═════ Input data ═════
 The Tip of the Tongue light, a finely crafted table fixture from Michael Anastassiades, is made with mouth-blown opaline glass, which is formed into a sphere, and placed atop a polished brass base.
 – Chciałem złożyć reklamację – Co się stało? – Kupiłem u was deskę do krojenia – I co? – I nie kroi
═════
═════ Input data ═════
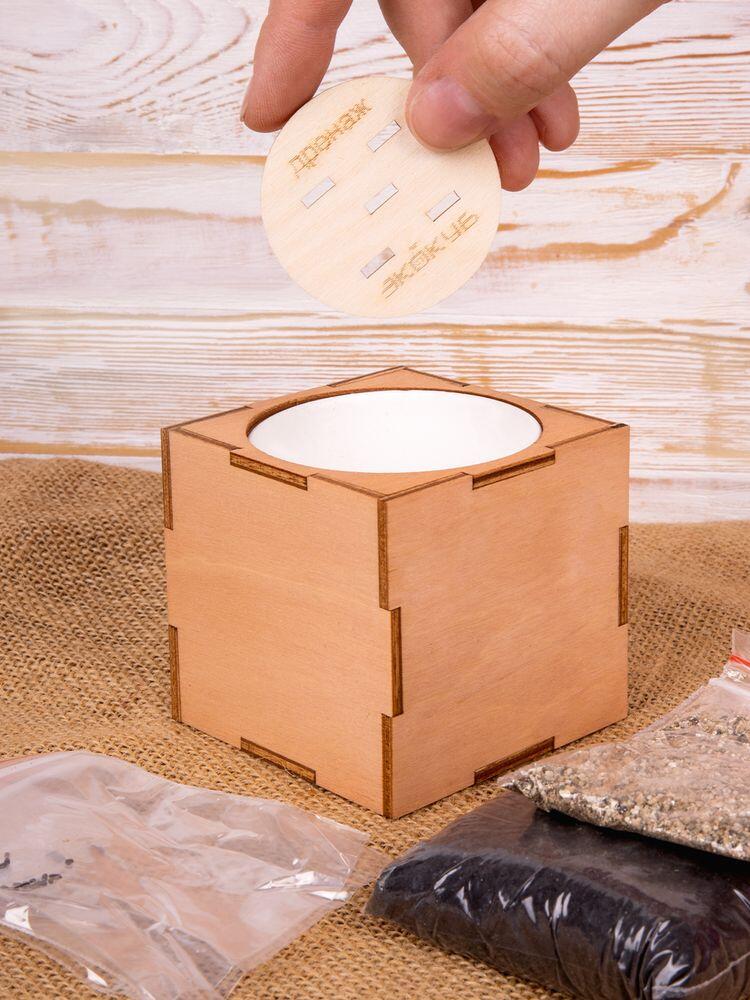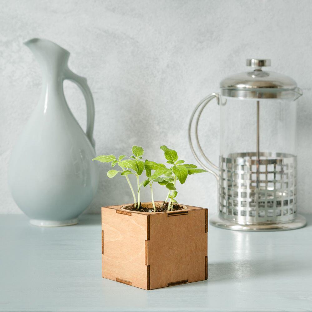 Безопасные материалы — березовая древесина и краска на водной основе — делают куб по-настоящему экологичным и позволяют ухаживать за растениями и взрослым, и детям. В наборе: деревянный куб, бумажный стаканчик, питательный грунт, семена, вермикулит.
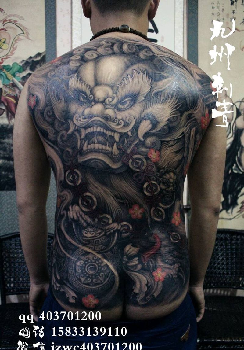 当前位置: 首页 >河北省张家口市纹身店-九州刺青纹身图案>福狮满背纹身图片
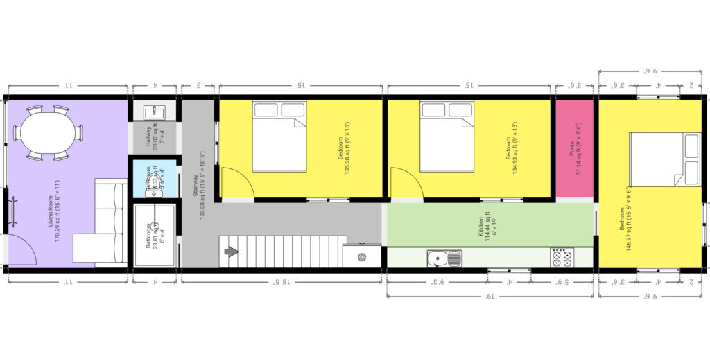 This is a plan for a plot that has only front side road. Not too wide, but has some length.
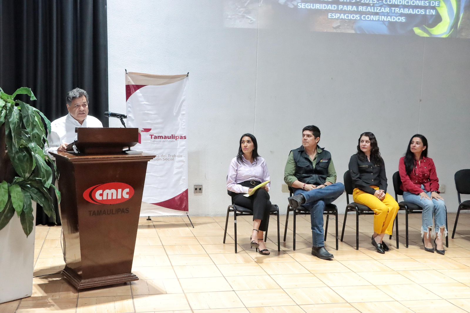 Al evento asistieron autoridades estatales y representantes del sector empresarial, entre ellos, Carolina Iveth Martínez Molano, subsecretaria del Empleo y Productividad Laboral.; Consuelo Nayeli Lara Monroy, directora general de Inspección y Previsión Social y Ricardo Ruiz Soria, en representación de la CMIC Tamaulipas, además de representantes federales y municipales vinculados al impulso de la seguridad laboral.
═════
Aim of the exercise: Set down again, word for word, the stretch of records from the line with "The Tip of the" to the line with "co? – I nie kroi", both of those lines included.

Solution to this problem:
 The Tip of the Tongue light, a finely crafted table fixture from Michael Anastassiades, is made with mouth-blown opaline glass, which is formed into a sphere, and placed atop a polished brass base.
 – Chciałem złożyć reklamację – Co się stało? – Kupiłem u was deskę do krojenia – I co? – I nie kroi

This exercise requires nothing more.